Start of Given records
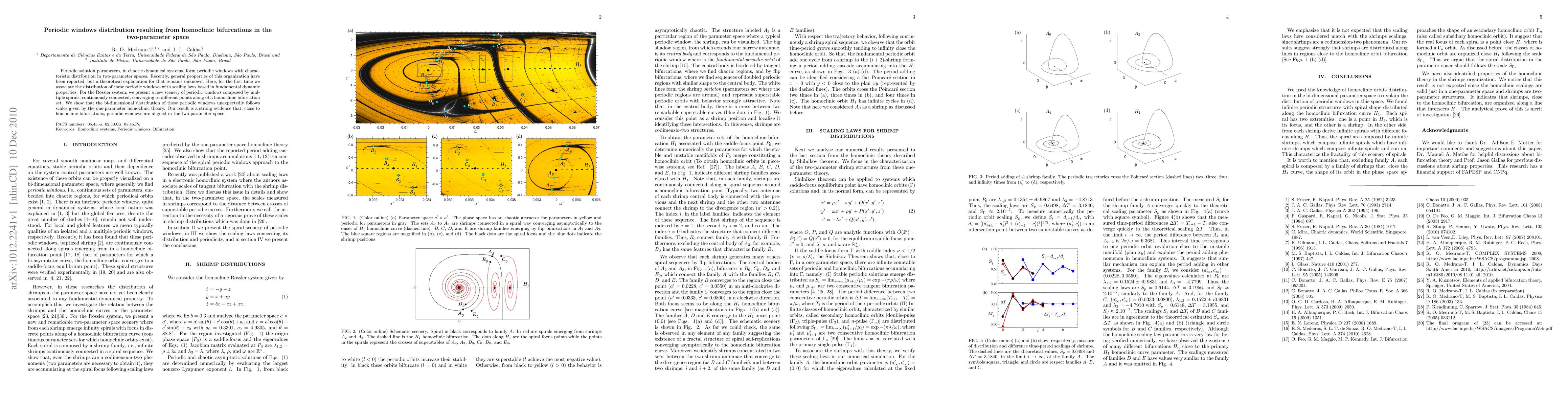 Periodic solution parameters, in chaotic dynamical systems, form periodic windows with characteristic distribution in two-parameter spaces. Recently, general properties of this organization have been reported, but a theoretical explanation for that remains unknown. Here, for the first time we associate the distribution of these periodic windows with scaling laws based in fundamental dynamic properties. For the R\"ossler system, we present a new scenery of periodic windows composed by multiple spirals, continuously connected, converging to different points along of a homoclinic bifurcation set. We show that the bi-dimensional distribution of these periodic windows unexpectedly follows scales given by the one-parameter homoclinic theory. Our result is a strong evidence that, close to homoclinic bifurcations, periodic windows are aligned in the two-parameter space.
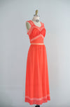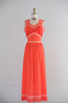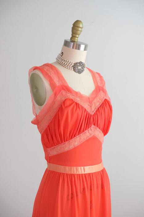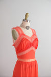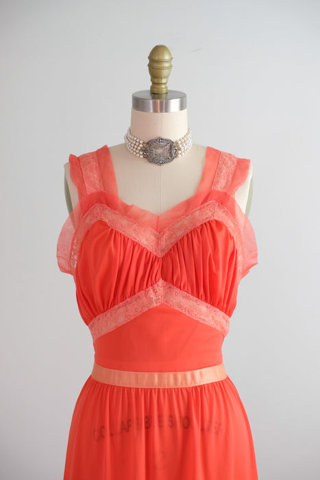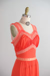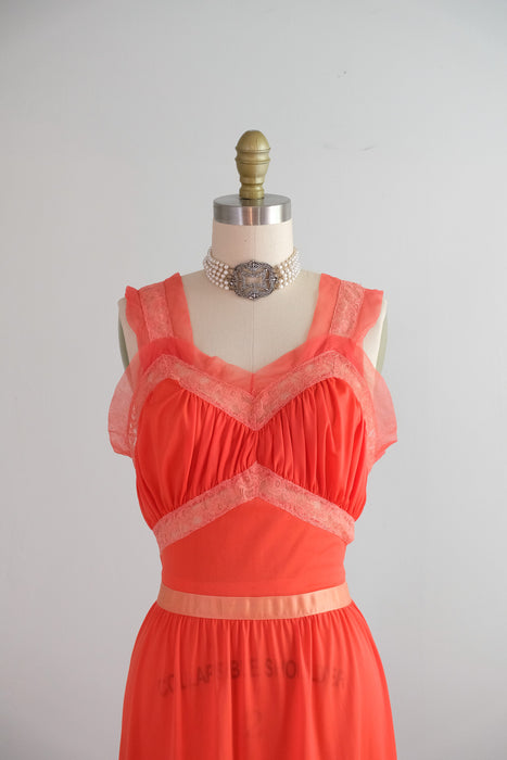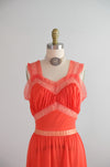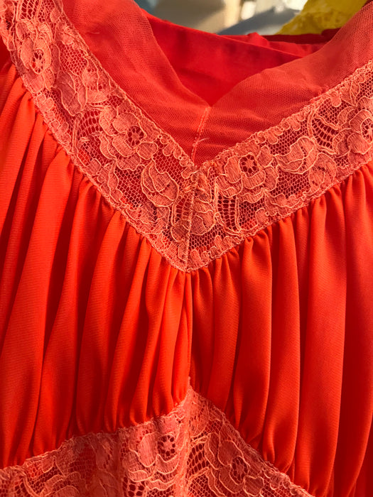 Vintage 1950's Poppy Red Nylon & Lace Slip Gown / XS
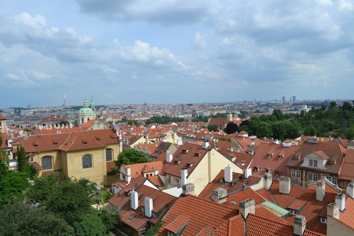 Дорога пошла в гору и мы дошли до смотровой площадки у стен Пражского града. Вид открылся прекрасный. С широкой площадки хорошо просматриваются Старый и Новый город. Почти все кто бывал в Праге, посещал эту смотровую площадку)Считается, что именно с этой смотровой площадки самый лучший вид на удивительный европейский город – Злату Прагу.
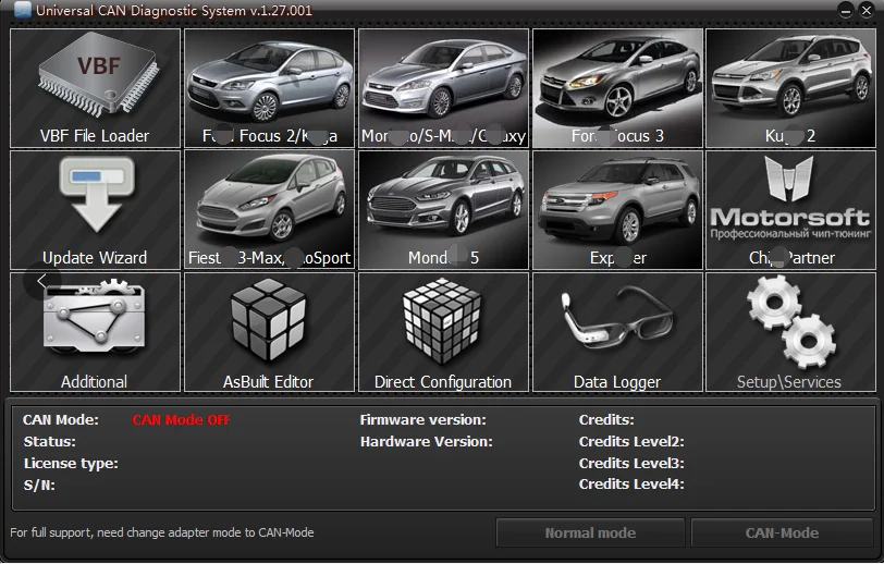 Полный лицензионный адаптер UCDS: Полный режим активации, доступ к существующим разделам программного обеспечения, таким как: VBF погрузчик, Мастер обновления и прямой конфигурации.
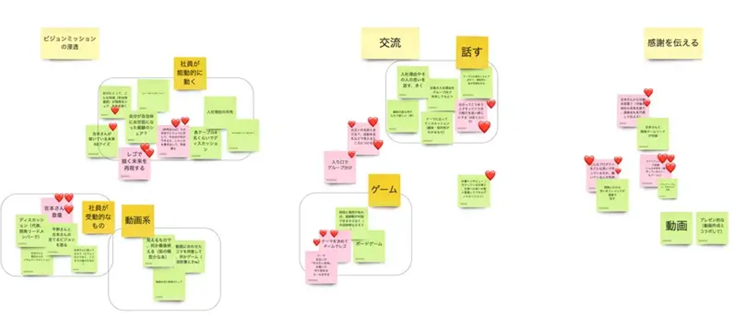 野村:カンファレンスのmiroには本当に多くの時間を費やしましたね。「何を目的に、何を伝えるべきか」など深く考え、1on1で得た組織の不足点を補うために、緻密に企画しました。
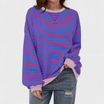 Renata - Kasdienis ilgomis rankovėmis apvalios iškirptės dryžuotas megztinis
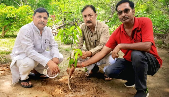 अयोध्या। वन महोत्सव सप्ताह के अवसर पर एक पेड़ माँ के नाम अभियान के तहत शनिवार को भाजपा के प्रदेश कार्यसमिति सदस्य शक्ति सिंह व महानगर अध्यक्ष कमलेश श्रीवास्तव ने राम मंदिर के पीछे लालकुर्ती मार्ग पर पौधरोपण कर पर्यावरण संरक्षण का संदेश दिया। अभियान के तहत विभिन्न प्रजातियों के पौधे रोपे गए।
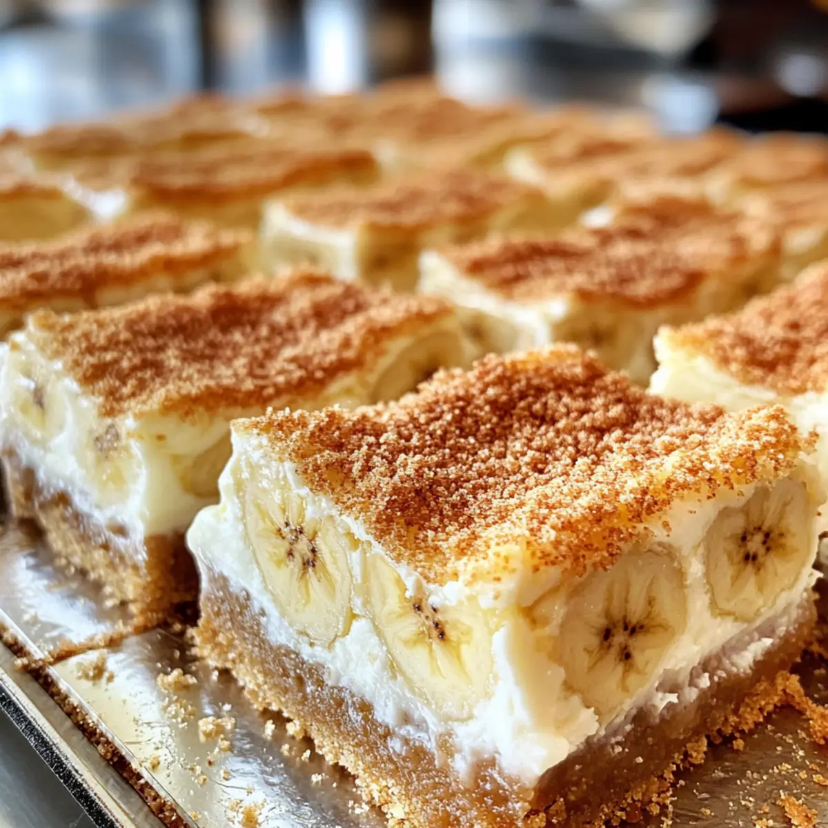 Chocolate Syrup: Drizzling warm chocolate syrup over each square creates a decadent visual and flavor contrast. The richness of chocolate blends beautifully with the creamy, banana-filled cheesecake.
End of Given records
Task directions
All of the data above is to be repeated exactly, with the pictures left out.

Output
 Periodic solution parameters, in chaotic dynamical systems, form periodic windows with characteristic distribution in two-parameter spaces. Recently, general properties of this organization have been reported, but a theoretical explanation for that remains unknown. Here, for the first time we associate the distribution of these periodic windows with scaling laws based in fundamental dynamic properties. For the R\"ossler system, we present a new scenery of periodic windows composed by multiple spirals, continuously connected, converging to different points along of a homoclinic bifurcation set. We show that the bi-dimensional distribution of these periodic windows unexpectedly follows scales given by the one-parameter homoclinic theory. Our result is a strong evidence that, close to homoclinic bifurcations, periodic windows are aligned in the two-parameter space.
 Vintage 1950's Poppy Red Nylon & Lace Slip Gown / XS
 Дорога пошла в гору и мы дошли до смотровой площадки у стен Пражского града. Вид открылся прекрасный. С широкой площадки хорошо просматриваются Старый и Новый город. Почти все кто бывал в Праге, посещал эту смотровую площадку)Считается, что именно с этой смотровой площадки самый лучший вид на удивительный европейский город – Злату Прагу.
 Полный лицензионный адаптер UCDS: Полный режим активации, доступ к существующим разделам программного обеспечения, таким как: VBF погрузчик, Мастер обновления и прямой конфигурации.
 野村:カンファレンスのmiroには本当に多くの時間を費やしましたね。「何を目的に、何を伝えるべきか」など深く考え、1on1で得た組織の不足点を補うために、緻密に企画しました。
 Renata - Kasdienis ilgomis rankovėmis apvalios iškirptės dryžuotas megztinis
 अयोध्या। वन महोत्सव सप्ताह के अवसर पर एक पेड़ माँ के नाम अभियान के तहत शनिवार को भाजपा के प्रदेश कार्यसमिति सदस्य शक्ति सिंह व महानगर अध्यक्ष कमलेश श्रीवास्तव ने राम मंदिर के पीछे लालकुर्ती मार्ग पर पौधरोपण कर पर्यावरण संरक्षण का संदेश दिया। अभियान के तहत विभिन्न प्रजातियों के पौधे रोपे गए।
 Chocolate Syrup: Drizzling warm chocolate syrup over each square creates a decadent visual and flavor contrast. The richness of chocolate blends beautifully with the creamy, banana-filled cheesecake.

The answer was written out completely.